Results showed that GMM estimates did not confirm OLS estimates of the presidential variable coefficients and no significantly consistent correlation between the partisan composition of the U.S. Presidency and returns in the U.S. stock market was shown to exist. However, GMM and OLS estimates of some of the control variables were consistent with one another, which was expected a priori, and further showed the weak predictive power of the presidential variables. Curious as to why I had obtained different results than others had previously, I spoke with one economics faculty member who told me, “Welcome to empirical work”, teaching that depending upon the data set, models and observations employed, varying results may be obtained. I also did some estimation using congressional variables, which is not reported here for sake of brevity.
Due to the lack of significant results, further work down this avenue will probably not be pursued. However, were it to be done, it is recommended that GMM estimates of the standard errors be obtained so that additional significance tests can be performed.
The complete 37-page work, entitled “Comparing Estimation of OLS and GMM in a Variation on the CAPM Model Involving Political Variables”, is available from the author upon request.
References
- A complete list of references is available from the author upon request. Those listed below are not comprehensive by any means, and can be considered, in some ways, the bare minimum.
- Fama, Eugene F. and French, Kenneth R., (1993), “Common risk factors in the returns on stocks and bonds,” Journal of Financial Economics, Vol. 33, No. 1, 3-56.
- Litner, John, (1965), “The valuation of risk assets and the selection of risky investments in stock portfolios and capital budgets,” Review of Economics and Statistics, Vol. 47, 13-37.

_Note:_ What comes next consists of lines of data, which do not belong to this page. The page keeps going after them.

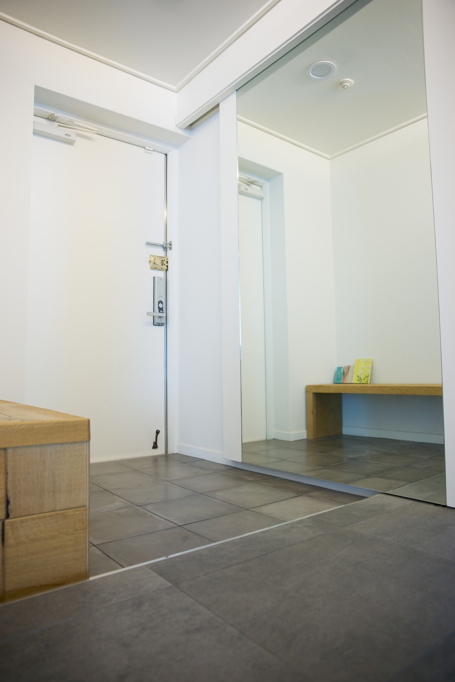 이를 위해 무엇보다 따뜻하고 환한 자연빛이 현관 공간까지 그대로 도달하기를 원했고, 가로 막히는 느낌 없이 시야가 시원하게 트이는 현관 공간이 되기를 원했다. 또한 일반적으로 사람들이 필요를 잘 깨닫지 못하고 살아가지만, 나는 현관 공간에 꼭 필요하다고 생각하는 착석과 수납의 편의성이 증대되기를 원했다.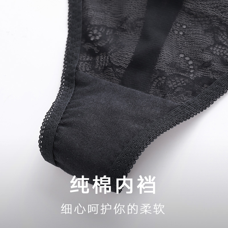 Maniform women's panties romantic lace low waist T pants lace clear mesh cotton crotch 20612098
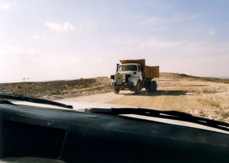 Von Douirat aus geht die Fahrt weiter nach Matmata. Robin war davon ausgegangen, dass wir wieder über Gabès fahren müssten, aber Nabil wusste, dass eine kürzere Straße Metameur und Matmata inzwischen verbindet. Auf diesem Weg waren wir davon nicht immer überzeugt davon. Wir konnten vermutlich alle jemals existierenden Ausbaustufen einer Straße beobachten: von komplett fertig mit Mittelstreifen und Leitpfosten bis zum Schotterweg am Steilhang ohne jegliche Befestigung. Dazwischen lag eine Slalomfahrt um LKWs und Baumaschinen. Aber Nabil hatte Recht, die Strasse war durchgehend (mit dem Jeep) befahrbar.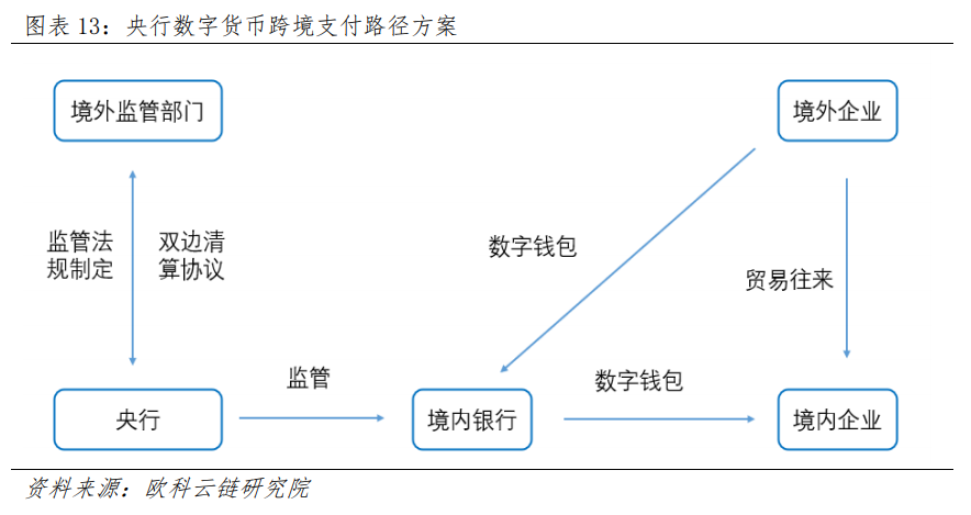 有所不同的是,在央行数字货币的语境下,没有账户的概念,而是只有数字钱包的概念。以DC/EP为例,由于DC/EP采用“双层运营体系”,因此境外企业可以注册安装由境内银行开发的央行数字货币钱包,当需要进行跨境支付时,由境内银行提供运营服务,直接将资金转入对方钱包,而央行负责日常监管。同时,为了防止资金通过该体系外流,可以设置额度管理。当然,在此条件下,如果境内外企业不通过SWIFT进行资金归集和集中调拨等跨境支付以及账单收取,那么将摆脱对SWIFT的依赖。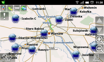 To know weather forecast at the closest municipalities or at the point of route destination, there is no need any more to go to menu Pages-Weather in Navitel Navigator! Now weather at any city of the world can be displayed directly at Navitel map. You just need to activate this option in Menu-Settings-Online services — Weather.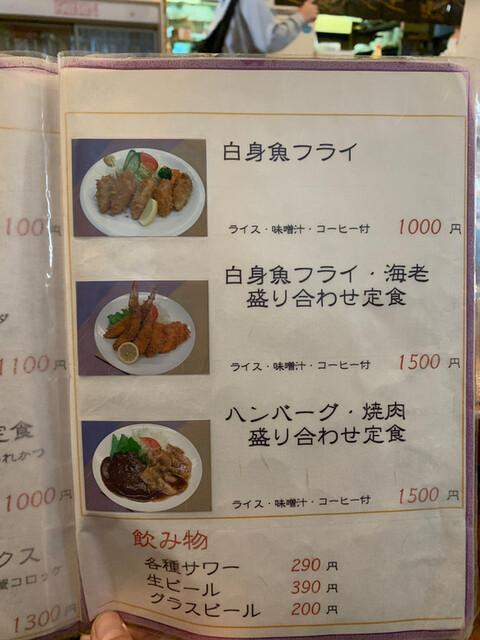 テーブルにランチメニューが見当たらなかったが、目の前のお客さんが頼んだロースカツが大きくて美味しそう。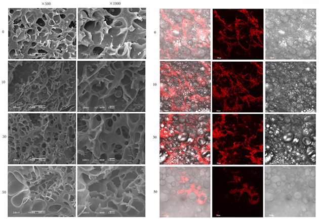 圖4 不同添加比例的馬鈴薯生全粉對(duì)小麥面筋微觀網(wǎng)絡(luò)結(jié)構(gòu)的影響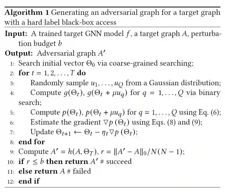 本文是硬标签的设定,即攻击者只知道模型预测的one-hot结果而非置信度。并且,作者发现图攻击的复杂度会随着节点数量的增加而指数级增加,因此首先将邻接矩阵连续化(这也是很多基于优化的图攻击的做法)。其中为扰动函数,为扰动矩阵。由于本文是图分类攻击模型,因此优化问题可以表示为定义图结构沿着扰动到分类边界的距离为,因此我们需要的最小的扰动的个数为。我们的目标就是选取让最小的,为了优化,实际中使用1范数替代0范数。算法如下

- Newey, Whitney K., (1988), “Adaptive Estimation of Regression Models Via Moment Restrictions,” Journal of Econometrics 38, 301-339.
- Santa-Clara, Pedro, and Valkanov, Rossen, (2003), “The Presidential Puzzle: Political Cycles and the Stock Market,” The Journal of Finance, Vol. 58, No. 5, 1841-1872.
- Sharpe, William F., (1964), “Capital asset prices: a theory of market equilibrium under conditions of risk,” The Journal of Finance, Vol. 19, 425-442.